Tuesday, October 20, 2009

A Ship of Fools?

First, I’ll preemptively apologize for the nautical allusion – yes, Galleon is a hedge fund named after a boat as basically every media outlet has realized, and yes, it is now sinking (couldn’t resist that last double entendre, sorry).

After reading the SEC complaint in full, I wanted to call attention to an earlier post about my surprise regarding the paltry size of the alleged insider trading. Noting that $20 million was an infinitesimal fraction of Galleon’s assets under management and Rajaratnam’s wealth, I gave three possible explanations for the activities. At the time, having not read the complaint, I forgot to mention a fourth possible cause – perhaps the companies in question were too small to permit large scale insider trading. As several insiders have found out, attempting to commit large scale fraud with small stocks is very stupid. The SEC isn’t run by rocket scientists, but they will catch you.

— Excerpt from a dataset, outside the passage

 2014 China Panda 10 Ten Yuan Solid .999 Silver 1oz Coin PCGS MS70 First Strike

To be more specific, when people have insider information, they often try to maximize gains by trading options. As I noted in an earlier post, options provide leverage, magnifying wins and losses. If you know what’s going to happen to a stock on account of insider information, trading options therefore seems like a great bet – you’ll get the best bang for your buck. Indeed, it can be quite lucrative. However, in many cases, it can be a big red flag to the SEC. Many stocks don’t support very liquid options markets. This is to say, the open interest (number of existing options contracts on a stock) and volume are often very small, so it takes only a few extra trades to cause a big spike in activity. And the SEC will catch such volume spikes as Reza Saleh recently found out the hard way when he bought 9,332 Perot Systems call options on insider knowledge of a buyout.

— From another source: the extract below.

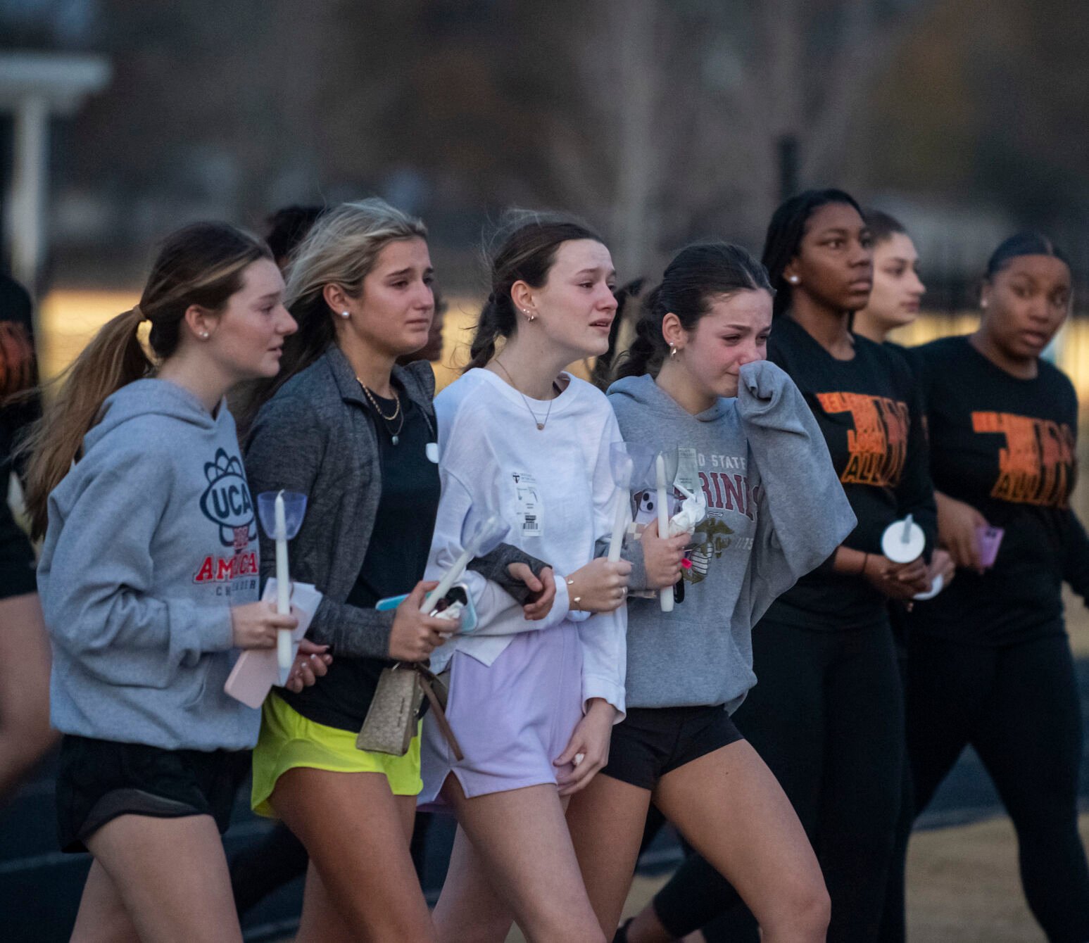 Students walk to the Brusly High School football field for the candlelight vigil for Maggie Dunn and Caroline Gill on Monday, Jan. 2, 2023 in Brusly, La.

So, returning to the Galleon case, I’m not that surprised that some of the reported gains were quite small. For example, options on Polycom (one of the companies in question) have very low open interest and rarely trade. The complaint alleges that one of the parties purchased 200 Polycom calls from April 13 to April 18, 2006 at $1.35 a piece. Now, this was a very small outlay (resulting in a profit of only $22,000), but anything larger could have tipped off regulators then and there since on average only about 200 calls trade per day in the stock.

But the same can’t be said for some of the other companies in the complaint. Google, for example, supports a much more liquid market. One of the parties purchased 566 put options in the two weeks leading up to Google’s 2007 second quarter earnings announcement. While this trade led to more than $500,000 in profits, the party probably could’ve put on much more of it without alerting regulators. By my estimates, roughly 7500 puts on Google exchange hands every day. Now I don’t know how the SEC’s volume spike algorithm works, but I see no reason why the party couldn’t have bought 500 puts (across strikes) per day without tipping off regulators. If the party had amassed 2500 puts in total, it would still probably account for less than a quarter of the open interest across strikes and would’ve made several million dollars more in the process.

Was this person just overly concerned about getting caught or simply a fool?